Reverse flow is the source of several unsteady effects that complicate load predictions for high advance ratio rotorcraft. As a way of improving load predictions, an ongoing series of experiments has been aimed at gaining a physical understanding of the unsteady aerodynamics of the reverse flow region. The current work contributes phase-averaged, three-component velocity field measurements collected on a rotor at high advance ratios. Stereoscopic particle image velocitmetry (PIV) was performed on a Mach-scale rotor across three advance ratios (0:6 ≤ μ ≤ 0:8), three radial stations (0:3 ≤ r/R ≤ 0:6), and one collective (θ0 = 10°). The present analysis focuses on how the reverse flow dynamic stall vortex, which results from flow separation about the sharp geometric trailing edge of a rotor blade in reverse flow, evolves over time in three dimensions. For a constant advance ratio, the size of the reverse flow dynamic stall vortex increases with decreasing radial station, creating a gradient in vorticity along the blade span. Tip-to-root radial flow, the amount of which increases for inboard radial stations, was also associated with the development of the reverse flow dynamic stall vortex.
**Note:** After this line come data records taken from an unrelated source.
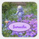 Uma estátua encantadora de uma garotinha olha em maravilha para um cheio de jardim de flores de flox violeta azul e nãos-me-esqueço azuis e brancos. Uma íris anã de pêssego completa a foto. Vestir seu correio com esses bonito adesivos quadrados que podem ser usados como selagens de envelopes para ir com etiquetas de endereço de retorno, papelaria, etc. Personalize-os com os vários estilos de fonte e cores diferentes do Zazzle. Este design pode ser transferido para outros produtos. Se precisar de ajuda, por favor, não hesite em me contactar, e eu ficarei muito feliz em ajudá-lo. Você pode me contatar através da minha página de Arte da Lua do Lobo e Design no Facebook. Direitos autorais originais de 2011 por Karen Cofsense.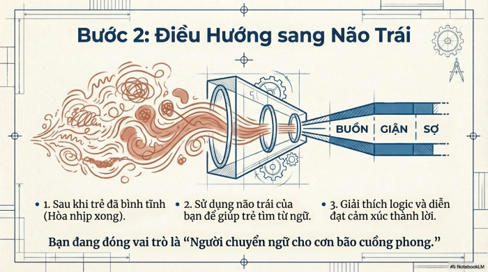 Phần não trái có thể thấu hiểu và diễn đạt bằng lời những gì mà phần não phải cảm xúc đang trải nghiệm. Nếu một đứa trẻ bị bao trùm bởi cảm xúc, nó sẽ chỉ vẫy vùng và chìm ngày càng sâu vào tình trạng nghi ngờ bản thân và sự hỗn loạn, trừ phi ai đó giúp nó. Vì thế, khi con bạn đang phải vật lộn về mặt cảm xúc, chính bạn sẽ là người giúp nó tìm ra những từ ngữ để diễn tả và thấu hiểu những cảm xúc ấy. Giống một người chuyển ngữ cho một cơn bão cuồng phong.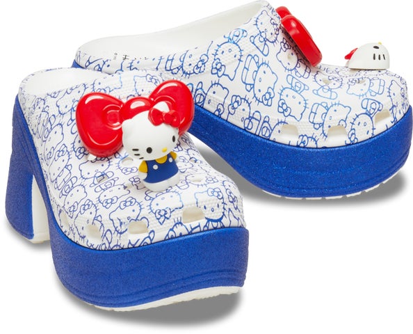 また、ヒールの高さが約8.8cmの「サイレンクロッグ」は、青をメインに3Dのハローキティジビッツ™︎が付属しています。

The current work postulates that due to an increase in radial flow, inboard radial stations are subject to a greater radial transport of vorticity than outboard sections and, in turn, produce less dimensional vorticity than outboard sections at the same convective time. Coupled with previous experimental models of reverse flow, the current work represents an important step in identifying the dominant unsteady characteristics of the reverse flow region and is designed to inform a low order model of rotors at high advance ratio.